My first milestone was getting both DC motors to run. It was a very long process. I first tried working the motors with a breadboard and a battery, but that was not working. The problem was that the battery was losing a lot of power on both motors, so it died after 20 minutes. Then, I used an H-bridge to supply power to both motors. An H-bridge is a chip which enables voltage to be applied in opposite directions. It allows the motors to move forward and backward at the command of microcontroller. The problem I encountered was that the H-bridge was getting too hot and it burned the breadboard. To read more about H-bridges, see here. (http://www.ti.com/lit/ds/symlink/sn754410.pdf)  In my final attempt, I used a motor shield with an H-bridge to connect the motors and the Arduino. This time the H-bridge did not heat up because there was a heat sink attached to it. A heat sink takes the heat generated from the motor shield and transfers it to the outside air. This trial was successful and I was able to get both motors working with no problems. Instead of using a battery for the power, I used an outlet for power source. The motor shield protects the L298N chip. The L298N motor shield allows the DC motors to move and supplies power to them. Figure 1: The L289N motor shield. (https://www.amazon.com/Elegoo-Stepper-Expansion-Development-Arduino/dp/B01LNEHJF) My next challenge was that the motors started randomly turning on and off and I did not know what the problem was. I thought it was maybe the wiring, but it was actually the USB cord.

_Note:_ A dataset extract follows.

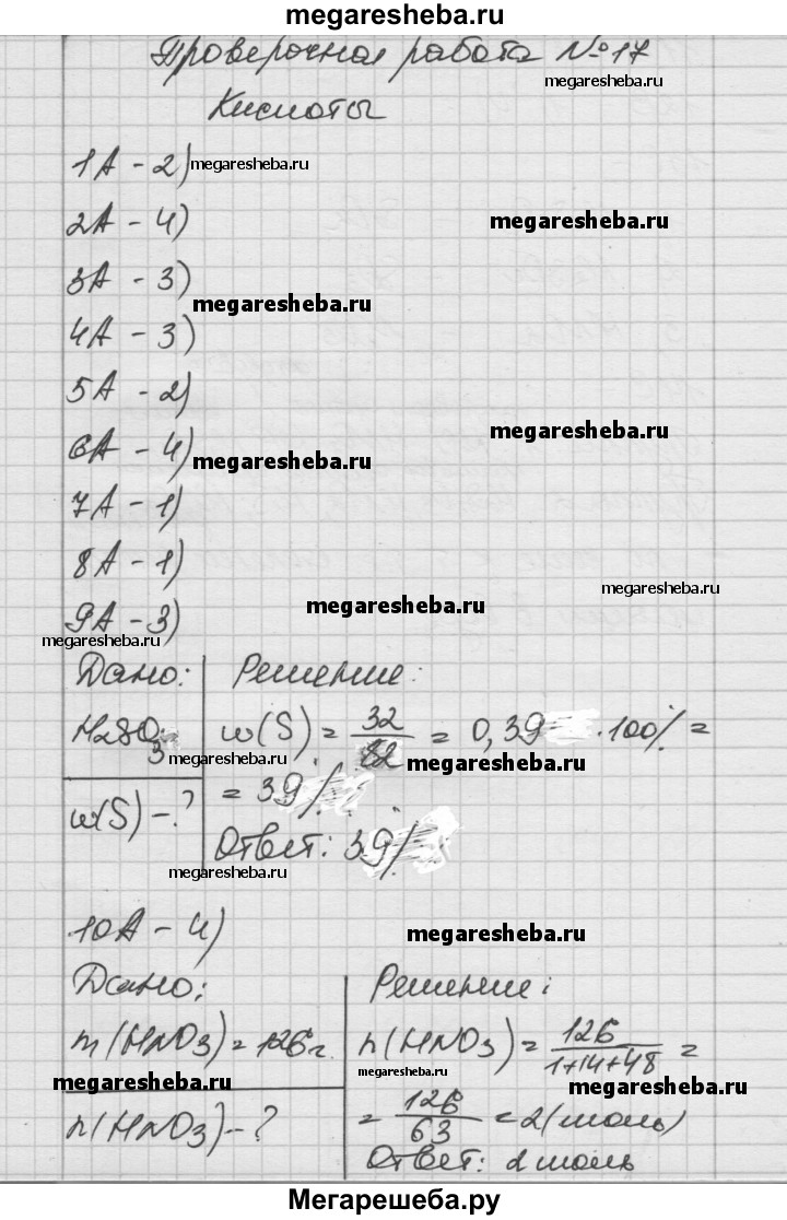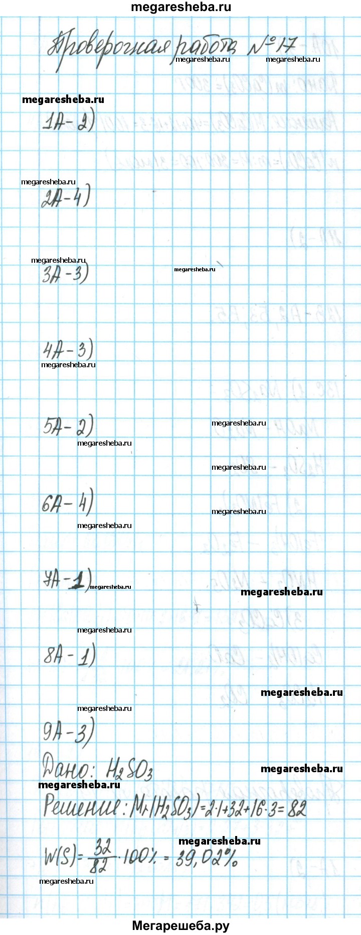 Подробный решебник (ГДЗ) по Химии за 8 (восьмой) класс тетрадь для оценки качества знаний - готовый ответ проверочная работа - 17. Авторы учебника: Габриелян, Купцова. Издательство: Дрофа 2016-2018.

The USB was not fully plugged into the Arduino Uno.

BigTime Watch Kit

BigTime Watch Kit

My starter project was the BigTime watch kit. This watch tells time in the simplest way as possible. There is only one button on the side that is pushed in order to tell what time it is. The watch is composed of a 10K resistor which is used to adjust the current level, the two capacitors is used to store the circuit board’s energy, the crystal is used to keep time on the watch which is a very special component in this project when I am building a watch, the microcontroller, the 7-segment display, and the button to power the watch. The watch is programmed by a microcontroller which is an integrated circuit chip that is an electronic circuit performing the same function as a larger circuit. There were some challenges in this project because I placed the 7-segment display the wrong way, and I noticed after I already soldered it and cut off the extra parts. It was challenging to desolder the whole 7-segment piece. What I learned from this project was that I should read the directions first and plan putting the pieces on the circuit board before actually soldering it. There were still some glitches with the watch. When I press the button for the watch to turn on, it would sometimes not work. The funny part is, whenever I gave the watch to an advisor, it would just magically start working again like it wasn’t broken in the first place.